REQUIREMENT – Please transcribe the data that follows exactly as given, leaving out every picture.

SOURCE DATA –

+++

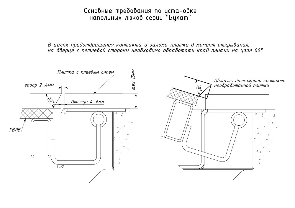 Облегченная рама из листового проката 3 мм с наличником для установки в поверх черновой стяжки в нулевую отметку полов. Каркас с обвязкой сварен из трубы 30х20, обшит ГВЛ над утеплителем под финишную отделку плиткой.
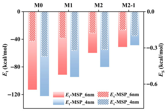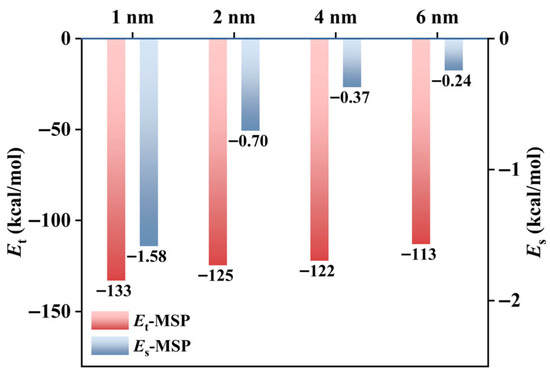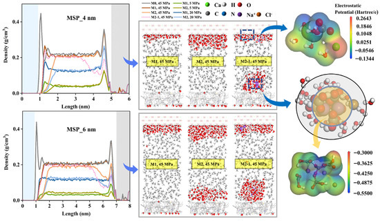 - In organic–inorganic composite slit pores (MSPs), formation water readily forms films on calcite and clusters on kerogen, weakening CH4 adsorption and its interaction with the pore walls. For methane diffusion, 2 nm and 4 nm MSPs may exhibit a promoting trend under low moisture water conditions but show inhibition with increasing moisture content or the introduction of ions. In contrast, 6 nm pores exhibit inhibition under water-containing conditions. Ions further enhance cluster formation, significantly hindering gas diffusion.
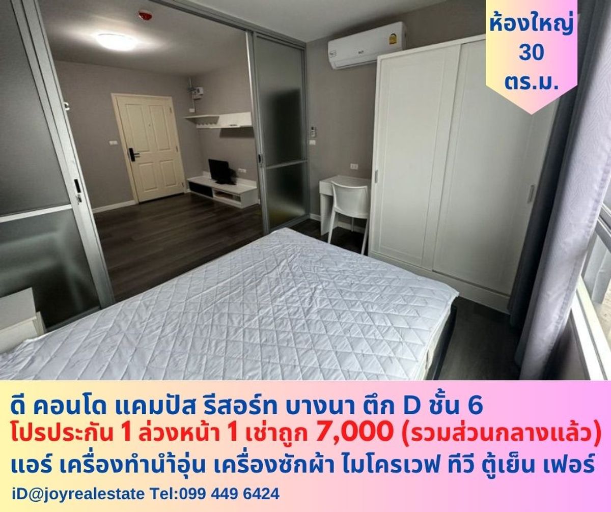 📌 Condo for rent, D -Condo Campus Resort, Bangna, Building D 6, Prote 1 in advance 1 rental 7,000 baht 📌1 1 bedroom, 1 kitchen, 1 bathroom, 30 sqm. 📌 Free service for condo rooms -air conditioner -Water heater -Washing machine -Microwave -Refrigerator -TV 📌 Furniture -Multipurpose table set with 2 sets of chairs -Bed with mattress -Central table -TV shelf -wardrobe -Curtain -Sofa 📌 Facilities -Garden -Fitness and swimming pool -24-hour security officers 📌 Nearby locations -ABAC University, Bangna -Welout Industrial Estate () 📌 Special promotion 1 in advance 1 ready for 7,000 baht Rental 7,000 baht/month (Included the central value) Joy ☎️ Contact number🆔@Joyrealestate Selling/rental Real estate Joy Real Estate

+++

EXERCISE SOLUTION –
 Облегченная рама из листового проката 3 мм с наличником для установки в поверх черновой стяжки в нулевую отметку полов. Каркас с обвязкой сварен из трубы 30х20, обшит ГВЛ над утеплителем под финишную отделку плиткой.
 - In organic–inorganic composite slit pores (MSPs), formation water readily forms films on calcite and clusters on kerogen, weakening CH4 adsorption and its interaction with the pore walls. For methane diffusion, 2 nm and 4 nm MSPs may exhibit a promoting trend under low moisture water conditions but show inhibition with increasing moisture content or the introduction of ions. In contrast, 6 nm pores exhibit inhibition under water-containing conditions. Ions further enhance cluster formation, significantly hindering gas diffusion.
 📌 Condo for rent, D -Condo Campus Resort, Bangna, Building D 6, Prote 1 in advance 1 rental 7,000 baht 📌1 1 bedroom, 1 kitchen, 1 bathroom, 30 sqm. 📌 Free service for condo rooms -air conditioner -Water heater -Washing machine -Microwave -Refrigerator -TV 📌 Furniture -Multipurpose table set with 2 sets of chairs -Bed with mattress -Central table -TV shelf -wardrobe -Curtain -Sofa 📌 Facilities -Garden -Fitness and swimming pool -24-hour security officers 📌 Nearby locations -ABAC University, Bangna -Welout Industrial Estate () 📌 Special promotion 1 in advance 1 ready for 7,000 baht Rental 7,000 baht/month (Included the central value) Joy ☎️ Contact number🆔@Joyrealestate Selling/rental Real estate Joy Real Estate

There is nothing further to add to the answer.